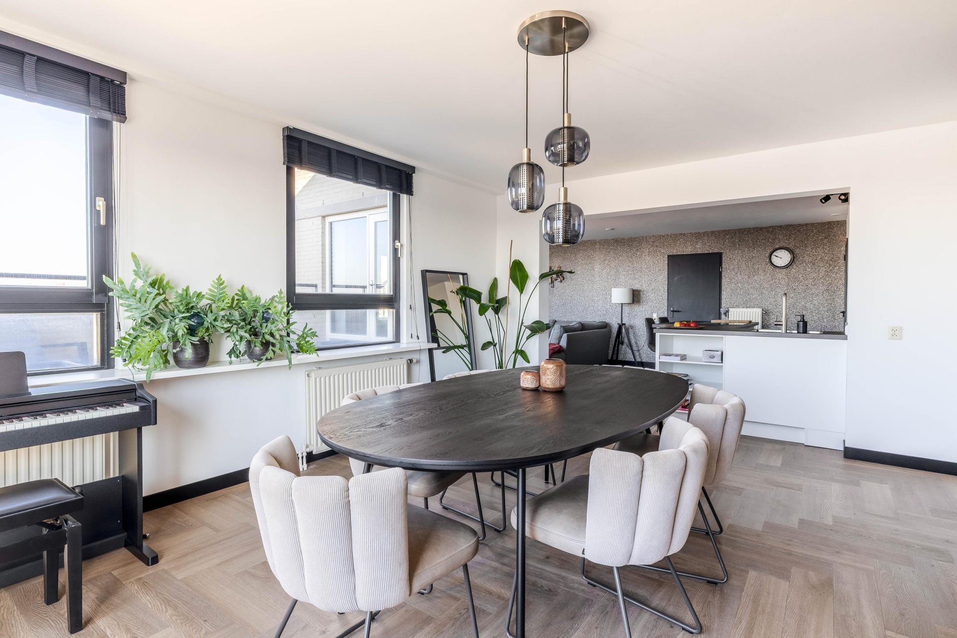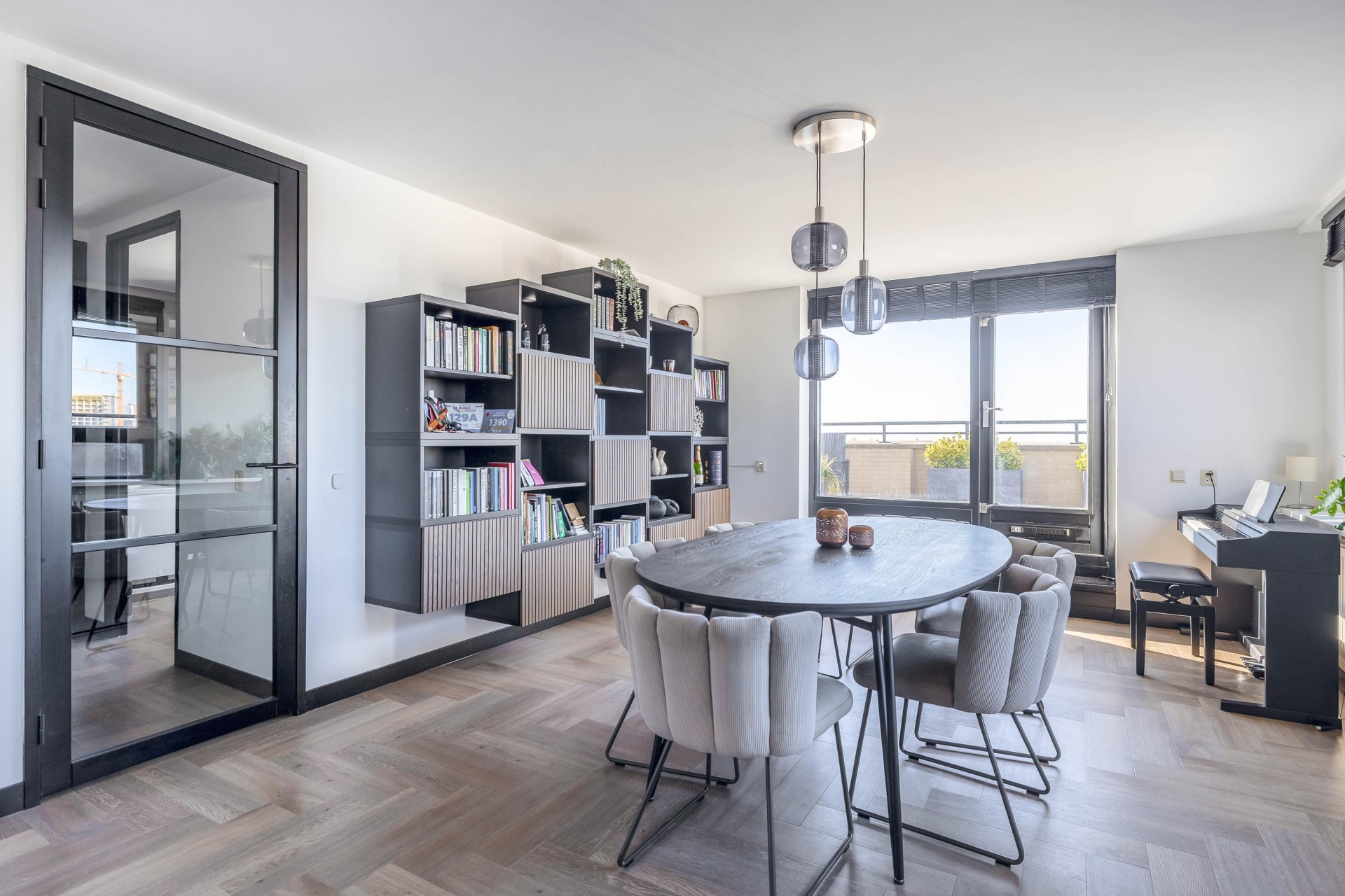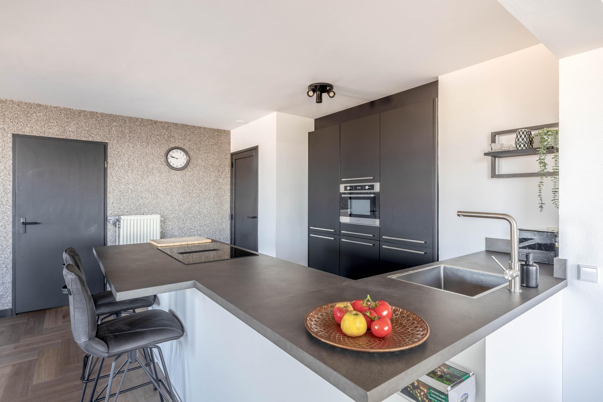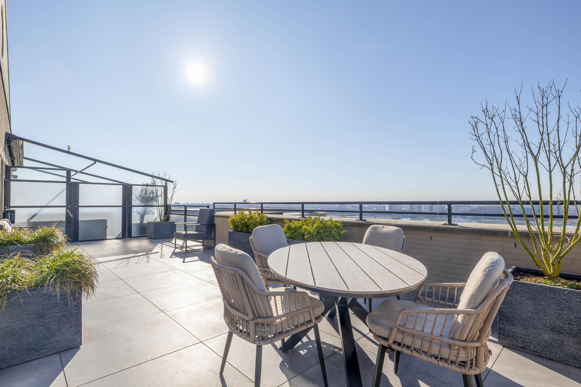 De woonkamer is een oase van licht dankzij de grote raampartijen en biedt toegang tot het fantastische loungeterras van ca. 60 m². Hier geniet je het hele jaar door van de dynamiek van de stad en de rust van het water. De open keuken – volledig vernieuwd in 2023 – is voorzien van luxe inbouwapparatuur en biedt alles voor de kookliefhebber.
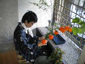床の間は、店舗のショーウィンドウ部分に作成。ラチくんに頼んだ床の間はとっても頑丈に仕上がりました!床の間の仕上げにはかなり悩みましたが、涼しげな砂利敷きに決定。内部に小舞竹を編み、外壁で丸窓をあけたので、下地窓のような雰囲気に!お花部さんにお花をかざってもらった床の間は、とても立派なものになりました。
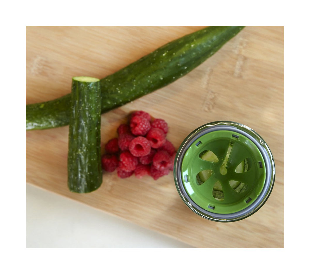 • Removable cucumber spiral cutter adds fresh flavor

Required action> Would you reproduce the lines from the one with "床の間は、店舗のショーウィン" through the final line of the data above, exactly and only those, without any pictures?

The completed task>
床の間は、店舗のショーウィンドウ部分に作成。ラチくんに頼んだ床の間はとっても頑丈に仕上がりました!床の間の仕上げにはかなり悩みましたが、涼しげな砂利敷きに決定。内部に小舞竹を編み、外壁で丸窓をあけたので、下地窓のような雰囲気に!お花部さんにお花をかざってもらった床の間は、とても立派なものになりました。
 • Removable cucumber spiral cutter adds fresh flavor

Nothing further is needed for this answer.